The Morales Law Firm would like to share this article: Hacking seen as Growth Industry in Report published by the San Francisco Chronicle.
By: Chris Strohm
Hacking seen as Growth Industry in Report
Cybercrime remains a growth industry.
That’s the main message from former U.S. intelligence officials, who in a report Monday outlined scenarios for how $445 billion per year in trade theft due to computer hackers will worsen. They warned that financial companies, retailers and energy companies are at risk from thieves who are becoming more sophisticated at pilfering data from their servers.
The outlook “is increased losses and slower growth,” with no “credible scenario in which cybercrime losses diminish,” according to the report published by the Center for Strategic and International Studies. Some of the damage will be hard to trace, such as economic downturns caused by foreign competitors selling products based on stolen designs and financial markets undermined by hackers.
The damage done already includes 40 million people in the U.S. having their personal information stolen within the last year and an unnamed oil company losing hundreds of millions of dollars in business opportunities when hackers obtained its oilfield exploration data, according to the report. Network security company McAfee Inc. sponsored the report for CSIS, a nonprofit policy research organization in Washington.
Online crime could result in the loss of 200,000 U.S. jobs and 150,000 European jobs, with the total cost rising to as much as $575 billion, according to the report.
“Cybercrime is a tax on innovation and slows the pace of global innovation by reducing the rate of return to innovators and investors,” the authors of the report said.
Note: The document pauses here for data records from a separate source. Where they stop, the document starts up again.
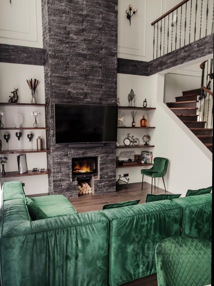 Кухня-гостинная с камином и виниловым проигрывателем. В обеденной зоне стол на 8 персон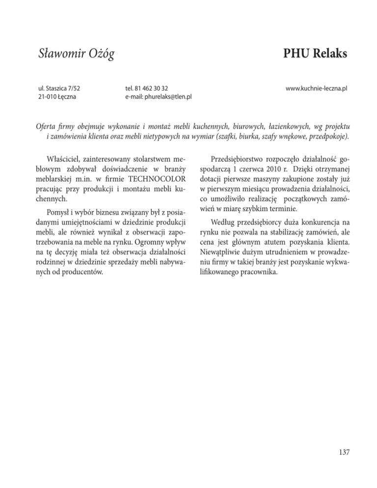 PHU Relaks Sławomir Ożóg ul. Staszica 7/52 21-010 Łęczna tel. 81 462 30 32 e-mail: [email protected] www.kuchnie-leczna.pl Oferta firmy obejmuje wykonanie i montaż mebli kuchennych, biurowych, łazienkowych, wg projektu i zamówienia klienta oraz mebli nietypowych na wymiar (szafki, biurka, szafy wnękowe, przedpokoje). Właściciel, zainteresowany stolarstwem meblowym zdobywał doświadczenie w branży meblarskiej m.in. w firmie TECHNOCOLOR pracując przy produkcji i montażu mebli kuchennych. Pomysł i wybór biznesu związany był z posiadanymi umiejętnościami w dziedzinie produkcji mebli, ale również wynikał z obserwacji zapotrzebowania na meble na rynku. Ogromny wpływ na tę decyzję miała też obserwacja działalności rodzinnej w dziedzinie sprzedaży mebli nabywanych od producentów. Przedsiębiorstwo rozpoczęło działalność gospodarczą 1 czerwca 2010 r. Dzięki otrzymanej dotacji pierwsze maszyny zakupione zostały już w pierwszym miesiącu prowadzenia działalności, co umożliwiło realizację początkowych zamówień w miarę szybkim terminie. Według przedsiębiorcy duża konkurencja na rynku nie pozwala na stabilizację zamówień, ale cena jest głównym atutem pozyskania klienta. Niewątpliwie dużym utrudnieniem w prowadzeniu firmy w takiej branży jest pozyskanie wykwalifikowanego pracownika. 137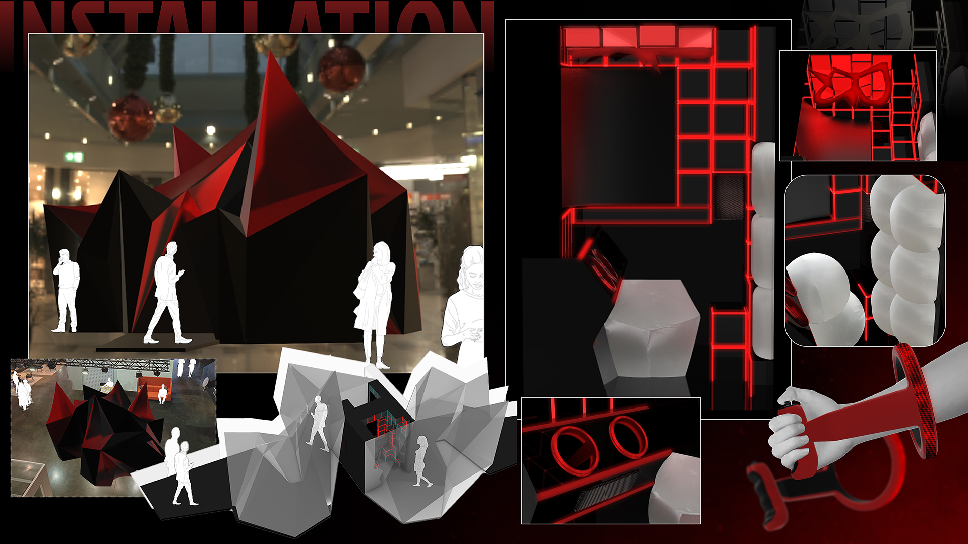 The installation reflects the spirit of Liqi through form and environment. Its sharp, irregular exterior evokes hostility, while entering, the interior forces players into uncomfortable, cave-like passageways that prime them for tension. The game chamber, inspired by the claustrophobic intimacy of telephone boxes, uses red light, noise, and inflatable airbags to respond dynamically to in-game Liqi levels, exerting both psychological and physical pressure.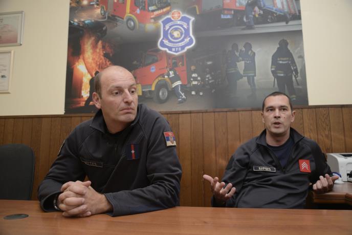 Komandir Miloš Majstorović objašnjava da je na intervenciji na Novom Beogradu bilo 27 vatrogasca sa sedam vozila, iz tri vatrogasne jedinice i to: Zemun, Voždovac i Košutnjak, kao i da je na terenu bilo i vozilo za spašavanje sa visina ali da nažalost nisu imali elementarne uslove da to vozilo nameste.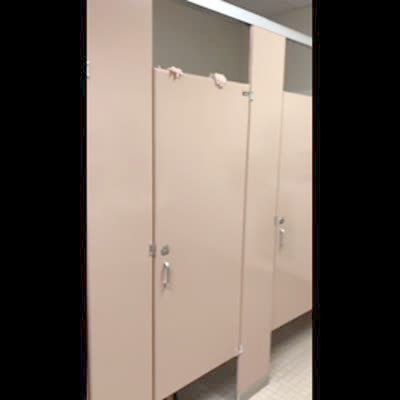 A teen girl falls in a public bathroom when the door to a stall breaks off as she hangs on it.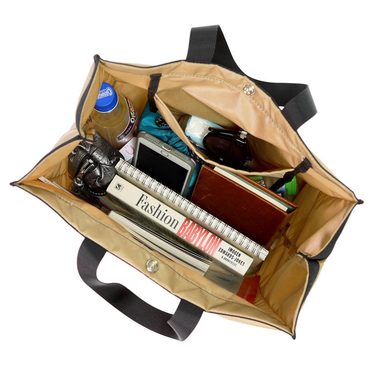 A simple tote bag shaped like a paper bag. The top has a snap button opening and closing, and the inside is equipped with an open pocket. Because it has a gusset, it has a considerable storage capacity and is useful not only for everyday use (commuting to work or school), but also for travel. It is also large enough to be used as an eco-bag for shopping, but it can also be neatly folded for storage. The color variations are abundant, and you will never get tired of the basic colors that creates a calming atmosphere and that are made of nylon material.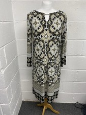 Geometric Print Midi Dress by Roman UK Add some trendy abstract prints to your daywear with this bold contrast print dress Finishing at a flattering midi length this style boasts a comfy round neckline and long sleeves with elasticated cuffs It is made from a breezy woven material with a zip and button fastening A smart casual staple for any occasion this dress would look great in the office or dressed up with a blazer and boots when the weather gets cooler Womens Regular fit True to size 100 Polyester Machine Washable Length Approx 125cm 100 Polyester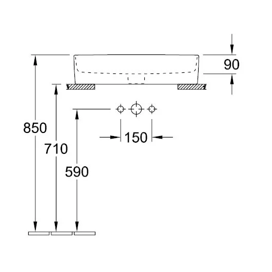 - Для 3-позиционного смесителя, центральное отверстие для смесителя выбито

The study is intended to provide a comprehensive estimate of the cost of global hacker attacks as governments and companies fight digital incursions that could have catastrophic consequences.
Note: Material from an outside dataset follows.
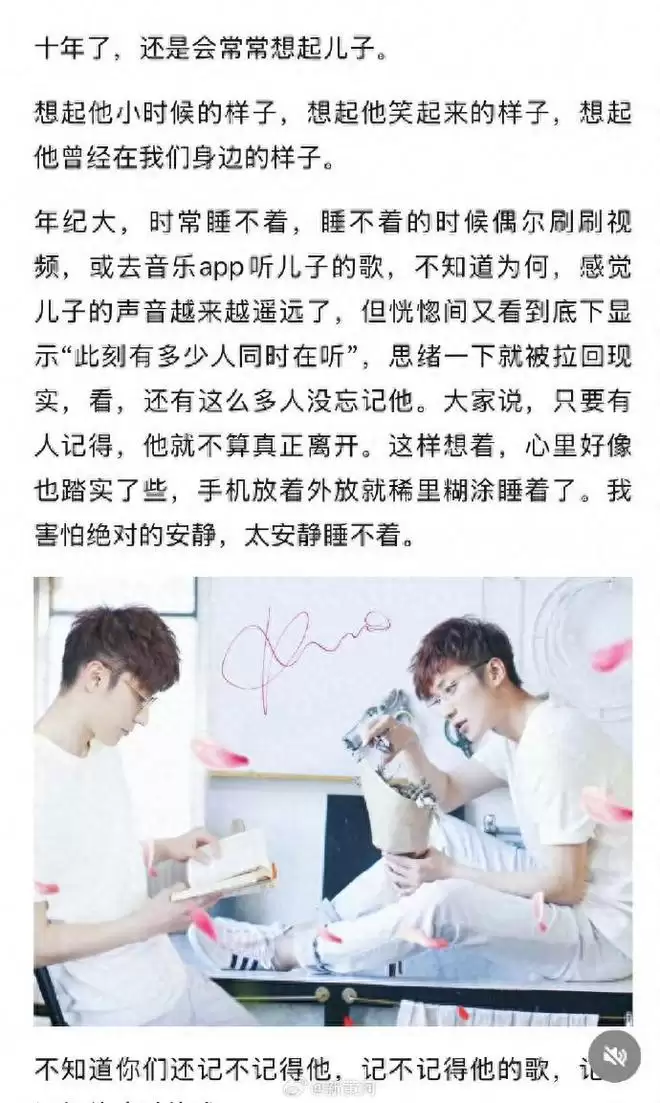 十年过去,伤痛并未真正退场。老两口透露,年纪大了常失眠,睡不着时就刷刷视频,或外放儿子的歌,这样才可能“稀里糊涂睡着”。他们所承受的远不止丧子之痛:网络暴力曾如影随形,后来出现的“AI复活”视频,更造成了二次伤害。此次他们选择公开儿子生前受抑郁症折磨的细节——失眠、身体僵硬、被网暴——用意明确:以最直接的方式,平息外界无端的猜测与流言,让逝者真正安息。
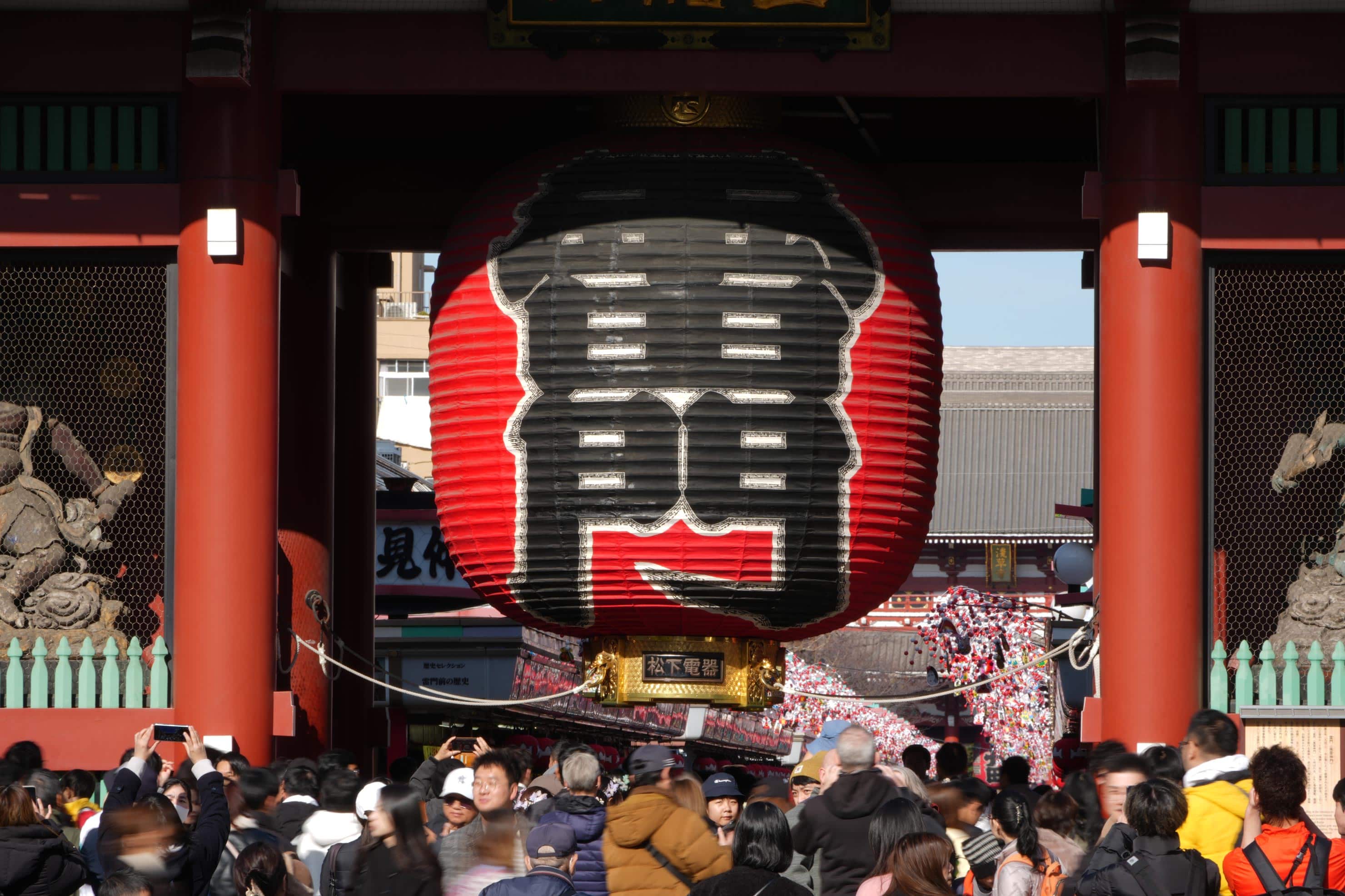大晦日、交差点の向こうから風雷神門(通称:雷門)の姿を200mmで切り取ると、人々で賑わう門前の様子から浅草寺へと続く参道の雰囲気までを一枚に収めることができました。

The biggest driver in the cost is stolen intellectual property, said Tom Gann, vice president of government relations for McAfee, a unit of Santa Clara chipmaker Intel Corp.
“It is increasingly likely that the hackers will realize they can also make money in trading ahead of the plan for a merger,” said Stewart Baker, a lead author of the study who was general counsel for the National Security Agency in the 1990s and later an assistant secretary at the Department of Homeland Security, who is now a partner at the law firm Steptoe & Johnson LLP.
Trying to pinpoint the cost of hacking attacks hasn’t been easy and previous estimates have varied. Estimates should be viewed with skepticism, especially because the value of intellectual property can be exaggerated, said Jim Harper, a senior fellow with the nonprofit Cato Institute.